Collected material below:

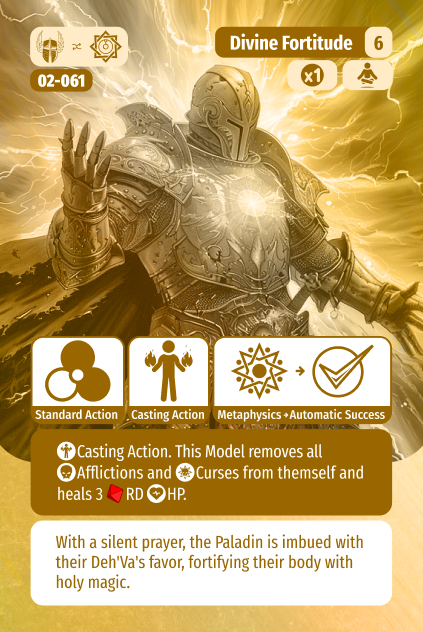 At level 6 the Paladin gains a once per game ability to both heal themself for 3 Raw Dice and also to remove all Curses and Afflictions from themself. This is massively useful as some Curses (game long debuffs) can really be debilitating. If you are debuffed into uselessness, pop this card and be rejuvenated! Often simply having it in your deck can be enough to discourage an opponent from debuffing the Paladin at all.
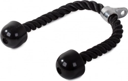 Tricepsové lano je dodávané s gumovými koncovkami pre lepšiu kontrolu a bezpečnosť počas cvičení.
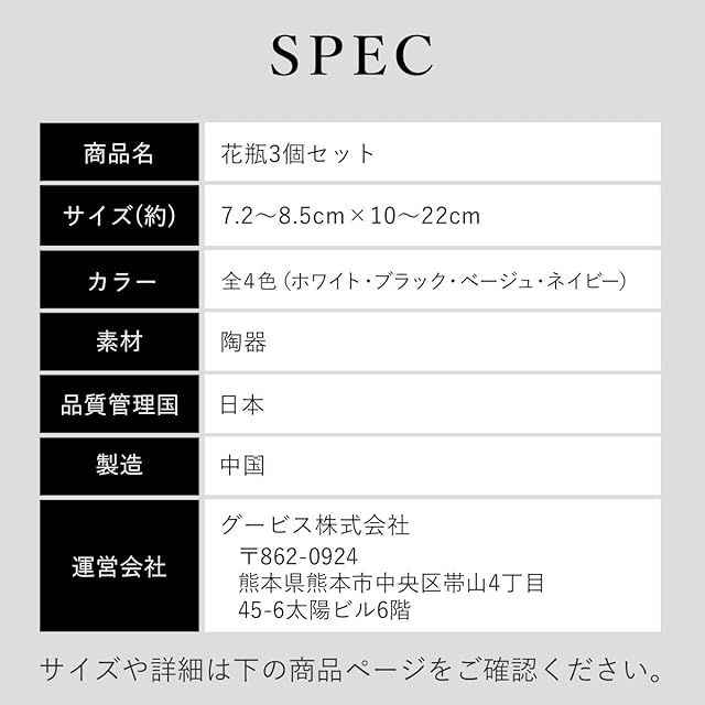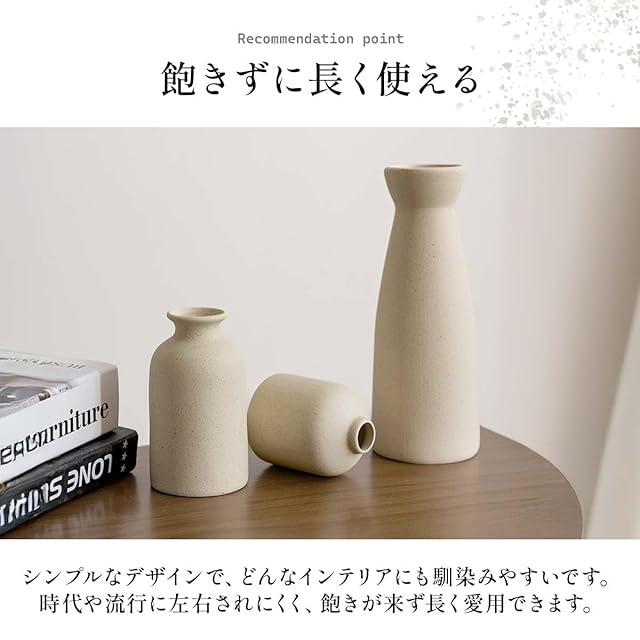 ・シンプルでおしゃれなデザインの花瓶3点セットです。 ・落ち着いた雰囲気のモノトーンカラーのバリエーションを揃えています。 ・ 陶器素材で安定感があり幅広いサイズの花が飾れます。 ・シンプルなフォルムのフラワーベースで飾る部屋を選ばず使えます。 ・和室にも洋室にも合わせやすい花瓶です。

End of Collected material.

- **What you are asked to do**
Write the data above out exactly. Leave out any pictures.

- **Answer to the exercise**
 At level 6 the Paladin gains a once per game ability to both heal themself for 3 Raw Dice and also to remove all Curses and Afflictions from themself. This is massively useful as some Curses (game long debuffs) can really be debilitating. If you are debuffed into uselessness, pop this card and be rejuvenated! Often simply having it in your deck can be enough to discourage an opponent from debuffing the Paladin at all.
 Tricepsové lano je dodávané s gumovými koncovkami pre lepšiu kontrolu a bezpečnosť počas cvičení.
 ・シンプルでおしゃれなデザインの花瓶3点セットです。 ・落ち着いた雰囲気のモノトーンカラーのバリエーションを揃えています。 ・ 陶器素材で安定感があり幅広いサイズの花が飾れます。 ・シンプルなフォルムのフラワーベースで飾る部屋を選ばず使えます。 ・和室にも洋室にも合わせやすい花瓶です。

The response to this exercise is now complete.